EMENTA PENAL E PROCESSO PENAL. APELAÇÃO CRIMINAL. ROUBO MAJORADO. CONDENAÇÃO. RECURSO DA DEFESA. TESE ABSOLUTÓRIA. VALIDADE DO RECONHECIMENTO FOTOGRÁFICO REALIZADO NA FASE INQUISITORIAL. OBSERVÂNCIA ÀS FORMALIDADES DO ART. 226 DO CPP. ACUSADO RECONHECIDO PESSOALMENTE PELA VÍTIMA NO DIA DA AUDIÊNCIA DE INSTRUÇÃO. SUFICIÊNCIA DE PROVAS DE AUTORIA DELITIVA. CONDENAÇÃO MANTIDA. REVISÃO DA PENA-BASE. CONSEQUÊNCIAS DO CRIMES VALORADAS NEGATIVAMENTE EM RAZÃO DO VALOR EXPRESSIVO DA RES SUBSTRACTA. POSSIBILIDADE. INCIDÊNCIA DA CONTINUIDADE DELITIVA. CRIMES APURADOS EM PROCESSO DISTINTOS. COMPETÊNCIA DO JUÍZO DAS EXECUÇÕES. RECURSO CONHECIDO E IMPROVIDO. (TJPI - APELAÇÃO CRIMINAL 0000128-16.2019.8.18.0054 - Relator: ERIVAN JOSE DA SILVA LOPES - 2ª Câmara Especializada Criminal - Data 27/06/2023 )

Acórdão


APELAÇÃO CRIMINAL Nº 0000128-16.2019.8.18.0054
ÓRGÃO: 2ª Câmara Especializada Criminal
ORIGEM: Inhuma / Vara Única
RELATOR: Des. Erivan Lopes
APELANTE: Walter Sousa Santos
ADVOGADOS: Adriano Silva Borges (OAB/PI n. 9.504), Luciano Silva Borges (OAB/PI n.13.961) e João José da Silva Araújo (OAB/PI n.19.480)
APELADO: Ministério Público do Estado do Piauí
 


EMENTA


 

PENAL E PROCESSO PENAL. APELAÇÃO CRIMINAL. ROUBO MAJORADO. CONDENAÇÃO. RECURSO DA DEFESA. TESE ABSOLUTÓRIA. VALIDADE DO RECONHECIMENTO FOTOGRÁFICO REALIZADO NA FASE INQUISITORIAL. OBSERVÂNCIA ÀS FORMALIDADES DO ART. 226 DO CPP. ACUSADO RECONHECIDO PESSOALMENTE PELA VÍTIMA NO DIA DA AUDIÊNCIA DE INSTRUÇÃO. SUFICIÊNCIA DE PROVAS DE AUTORIA DELITIVA. CONDENAÇÃO MANTIDA. REVISÃO DA PENA-BASE. CONSEQUÊNCIAS DO CRIMES VALORADAS NEGATIVAMENTE EM RAZÃO DO VALOR EXPRESSIVO DA RES SUBSTRACTA. POSSIBILIDADE. INCIDÊNCIA DA CONTINUIDADE DELITIVA. CRIMES APURADOS EM PROCESSO DISTINTOS. COMPETÊNCIA DO JUÍZO DAS EXECUÇÕES. RECURSO CONHECIDO E IMPROVIDO.

 


ACÓRDÃO



                        Vistos, relatados e discutidos estes autos, “acordam os componentes da Egrégia 2ª Câmara Especializada Criminal do Tribunal de Justiça do Estado do Piauí, à unanimidade, em consonância com o parecer ministerial, conhecer do recurso de apelação, mas para NEGAR-LHE PROVIMENTO, mantendo a sentença condenatória na integralidade, na forma do voto do(a) Relator(a).”

 

 

                        PLENÁRIO VIRTUAL DO EGRÉGIO TRIBUNAL DE JUSTIÇA DO ESTADO DO PIAUÍ, Teresina/PI, 16 a 23 de junho de 2023.

 

 

 


RELATÓRIO
Des. Erivan Lopes (Relator)
:


Trata-se de Apelação Criminal interposta por Walter Sousa Santos, em desafio à sentença proferida pelo Juízo da Vara Única da Comarca de Inhuma, que sentenciou o apelante pela prática do delito previsto no art. 157, § 2º-A, I, do Código Penal, impondo-lhe pena de 07 (sete) anos e 06 (seis) meses de reclusão e 150 (cento e cinquenta) dias-multa.

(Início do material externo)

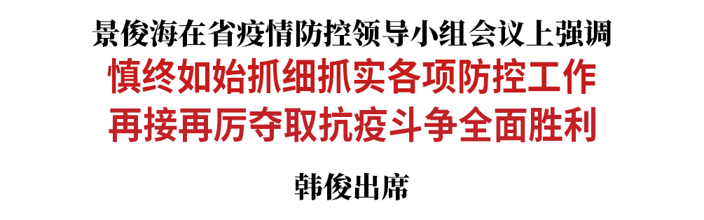 景俊海指出,当前,我省疫情防控已经进入巩固成果、动态清零、逐步恢复生产生活秩序的新阶段。各级党委、政府和广大党员干部要始终牢记“国之大者”,在工作中要有“时时放心不下”的责任感,绷紧弦、不松劲,坚决做到防住疫情、稳住经济、安全发展。一要持之以恒压紧压实责任,各级党委、政府要进一步完善防控措施和应急预案,切实做到有组织、有队伍、有资源、有行动;各行业主管部门要科学指导、加强监管,抓紧抓实政策落实、闭环管理等工作;各单位要严格落实核酸检测、环境消杀、健康监测等措施。二要毫不放松抓好攻关收尾工作,全力做好医疗救治,尽早实现在院患者全部治愈出院;全力加强封控区、管控区管理,按照规定科学解除管控;全力做好集中隔离点管理,严防发生人员聚集等行为;全力做好环境消杀,确保重点场所、公共场所全覆盖、无死角。三要慎终如始做好常态化疫情防控,保持快准严细实要求不变、各环节规范要求不变、防疫人员责任要求不变,坚持早发现、快处置、强引导,进一步强化发热门诊、药店、社区等哨点监测作用,对社会面新发现疫情要第一时间开展流调溯源、隔离管控、转运收治等工作,引导居民养成良好习惯,营造群防群控、联防联控浓厚氛围。四要牢牢守住疫情防控重要关口,不断强化重点区域管制、重点场所管控、重点人群管理,加快创建无疫单位和无疫县(市、区),调动群众参与常态化疫情防控的积极性、主动性,共同筑牢社区防线。五要加快建设强大的公共卫生体系,加强核酸检测和医疗救治能力建设,进一步健全疾病预防和数据支撑体系,提升应对突发公共卫生事件水平,最大程度保护人民生命安全和身体健康。六要有序推进生产生活秩序恢复,重点加强复工企业管理,有序放活商贸服务业,因地制宜、因校制宜开展复学复课,最大限度减少疫情对经济社会发展的影响。

Nas razões recursais, a defesa requereu, em síntese: a) a absolvição do apelante por insuficiência de provas; b) o reconhecimento da continuidade delitiva entre o crime de roubo apurado nestes autos e o dos autos de n. 0000130-83.2019.8.18.0054; c) a fixação da pena-base no mínimo legal.

Nas contrarrazões, o Ministério Público de Primeiro Grau pugnou pelo total improvimento do apelo, destacando que as palavras da vítima, livre de máculas a infirmá-las, acompanhadas do reconhecimento do acusado, são robustos elementos a serem considerados no proferimento da sentença pelo delito de roubo.

O Ministério Público Superior opinou pelo conhecimento e improvimento do apelo.

 

 


VOTO


 

Conheço do apelo interposto, porquanto é tempestivo e presentes os demais pressupostos de admissibilidade a tanto necessários.

TESE ABSOLUTÓRIA – INSUFICIÊNCIA DE PROVAS

Insta registrar que a materialidade  do crime de roubo encontra-se devidamente comprovada nos autos, não sendo sequer matéria de irresignação das partes, razão pela qual passo ao enfrentamento da tese de insuficiência de provas de autoria delitiva.

 Inicialmente, cumpre apontar que a jurisprudência Superior Tribunal de Justiça possuía o entendimento no sentido de que eventual inobservância das formalidades previstas no artigo 226 do Código de Processo Penal para o reconhecimento não era causa de nulidade, uma vez que não se trata de exigências, mas de meras recomendações a serem observadas na implementação da medida.

Contudo, no julgamento do HC n. 598.886/SC[1], em outubro de 2020, a Sexta Turma do STJ propôs nova interpretação do art. 226 do CPP, estabelecendo diretrizes a serem seguidas no reconhecimento de pessoas. Confira-se:

1. O reconhecimento de pessoas deve observar o procedimento previsto no artigo 226 do Código de Processo Penal, cujas formalidades constituem garantia mínima para quem se encontra na condição de suspeito da prática de um crime.
2. À vista dos efeitos e dos riscos de um reconhecimento falho, a inobservância do procedimento descrito na referida norma processual torna inválido o reconhecimento da pessoa suspeita e não poderá servir de lastro a eventual condenação, mesmo se confirmado o reconhecimento em juízo.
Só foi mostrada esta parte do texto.